Data for the task:
+ + + + +
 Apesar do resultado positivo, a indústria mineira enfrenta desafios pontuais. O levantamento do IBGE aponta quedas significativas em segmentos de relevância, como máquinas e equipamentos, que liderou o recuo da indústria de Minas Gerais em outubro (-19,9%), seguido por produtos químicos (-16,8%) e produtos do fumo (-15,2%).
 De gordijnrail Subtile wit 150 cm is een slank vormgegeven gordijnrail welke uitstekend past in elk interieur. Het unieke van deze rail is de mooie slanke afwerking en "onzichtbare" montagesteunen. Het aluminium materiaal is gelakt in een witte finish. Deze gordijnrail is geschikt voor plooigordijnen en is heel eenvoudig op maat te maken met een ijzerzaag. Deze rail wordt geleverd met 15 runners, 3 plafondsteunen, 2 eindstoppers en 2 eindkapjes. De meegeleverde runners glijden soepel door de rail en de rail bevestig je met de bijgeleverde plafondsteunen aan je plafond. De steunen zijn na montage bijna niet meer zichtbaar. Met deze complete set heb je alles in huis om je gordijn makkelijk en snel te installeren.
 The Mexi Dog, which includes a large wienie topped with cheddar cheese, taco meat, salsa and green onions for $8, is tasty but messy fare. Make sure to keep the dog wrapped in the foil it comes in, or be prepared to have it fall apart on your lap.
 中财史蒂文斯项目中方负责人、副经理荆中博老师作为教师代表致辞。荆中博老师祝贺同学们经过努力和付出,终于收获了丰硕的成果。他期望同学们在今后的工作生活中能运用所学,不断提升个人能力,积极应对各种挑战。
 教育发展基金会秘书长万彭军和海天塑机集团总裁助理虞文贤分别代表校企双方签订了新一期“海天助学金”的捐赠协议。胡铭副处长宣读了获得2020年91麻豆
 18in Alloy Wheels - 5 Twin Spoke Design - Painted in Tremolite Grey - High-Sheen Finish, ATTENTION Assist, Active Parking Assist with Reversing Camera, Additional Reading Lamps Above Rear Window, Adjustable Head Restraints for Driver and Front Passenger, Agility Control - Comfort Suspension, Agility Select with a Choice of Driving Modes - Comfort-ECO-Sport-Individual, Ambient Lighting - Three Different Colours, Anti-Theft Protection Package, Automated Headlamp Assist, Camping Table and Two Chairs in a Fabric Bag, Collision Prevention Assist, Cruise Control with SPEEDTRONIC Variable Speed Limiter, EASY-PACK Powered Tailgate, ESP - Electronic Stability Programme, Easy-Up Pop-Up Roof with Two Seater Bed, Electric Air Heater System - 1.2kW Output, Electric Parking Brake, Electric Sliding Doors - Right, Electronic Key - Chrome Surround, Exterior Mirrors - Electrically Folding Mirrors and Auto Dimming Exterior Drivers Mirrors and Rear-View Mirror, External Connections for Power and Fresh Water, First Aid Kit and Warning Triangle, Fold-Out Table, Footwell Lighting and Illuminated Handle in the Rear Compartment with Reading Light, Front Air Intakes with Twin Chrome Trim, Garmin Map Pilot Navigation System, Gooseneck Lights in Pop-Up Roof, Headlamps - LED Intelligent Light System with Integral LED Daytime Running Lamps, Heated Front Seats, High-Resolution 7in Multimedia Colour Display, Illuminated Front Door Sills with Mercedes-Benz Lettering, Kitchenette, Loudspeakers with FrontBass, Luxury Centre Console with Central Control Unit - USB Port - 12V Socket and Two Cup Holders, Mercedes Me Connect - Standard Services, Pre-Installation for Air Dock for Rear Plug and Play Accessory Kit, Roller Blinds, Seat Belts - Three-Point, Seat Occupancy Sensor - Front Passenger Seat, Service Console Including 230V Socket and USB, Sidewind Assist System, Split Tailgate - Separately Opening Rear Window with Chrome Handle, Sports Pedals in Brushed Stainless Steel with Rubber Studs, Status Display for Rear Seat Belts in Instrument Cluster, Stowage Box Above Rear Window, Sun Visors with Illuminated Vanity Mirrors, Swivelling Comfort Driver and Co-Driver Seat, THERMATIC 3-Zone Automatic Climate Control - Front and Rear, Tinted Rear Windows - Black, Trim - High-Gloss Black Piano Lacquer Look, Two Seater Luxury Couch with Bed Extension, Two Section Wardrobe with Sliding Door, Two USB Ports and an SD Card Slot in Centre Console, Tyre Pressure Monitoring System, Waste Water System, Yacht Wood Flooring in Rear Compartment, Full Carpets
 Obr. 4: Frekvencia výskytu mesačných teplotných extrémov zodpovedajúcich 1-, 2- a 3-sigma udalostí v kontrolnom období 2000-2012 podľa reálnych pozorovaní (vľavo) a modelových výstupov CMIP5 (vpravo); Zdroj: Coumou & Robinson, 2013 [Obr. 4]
+ + + + +
Leave out every line after the one with "教育发展基金会秘书长万彭军和". Reproduce the material above exactly from its first line through that line.

Answer below:
 Apesar do resultado positivo, a indústria mineira enfrenta desafios pontuais. O levantamento do IBGE aponta quedas significativas em segmentos de relevância, como máquinas e equipamentos, que liderou o recuo da indústria de Minas Gerais em outubro (-19,9%), seguido por produtos químicos (-16,8%) e produtos do fumo (-15,2%).
 De gordijnrail Subtile wit 150 cm is een slank vormgegeven gordijnrail welke uitstekend past in elk interieur. Het unieke van deze rail is de mooie slanke afwerking en "onzichtbare" montagesteunen. Het aluminium materiaal is gelakt in een witte finish. Deze gordijnrail is geschikt voor plooigordijnen en is heel eenvoudig op maat te maken met een ijzerzaag. Deze rail wordt geleverd met 15 runners, 3 plafondsteunen, 2 eindstoppers en 2 eindkapjes. De meegeleverde runners glijden soepel door de rail en de rail bevestig je met de bijgeleverde plafondsteunen aan je plafond. De steunen zijn na montage bijna niet meer zichtbaar. Met deze complete set heb je alles in huis om je gordijn makkelijk en snel te installeren.
 The Mexi Dog, which includes a large wienie topped with cheddar cheese, taco meat, salsa and green onions for $8, is tasty but messy fare. Make sure to keep the dog wrapped in the foil it comes in, or be prepared to have it fall apart on your lap.
 中财史蒂文斯项目中方负责人、副经理荆中博老师作为教师代表致辞。荆中博老师祝贺同学们经过努力和付出,终于收获了丰硕的成果。他期望同学们在今后的工作生活中能运用所学,不断提升个人能力,积极应对各种挑战。
 教育发展基金会秘书长万彭军和海天塑机集团总裁助理虞文贤分别代表校企双方签订了新一期“海天助学金”的捐赠协议。胡铭副处长宣读了获得2020年91麻豆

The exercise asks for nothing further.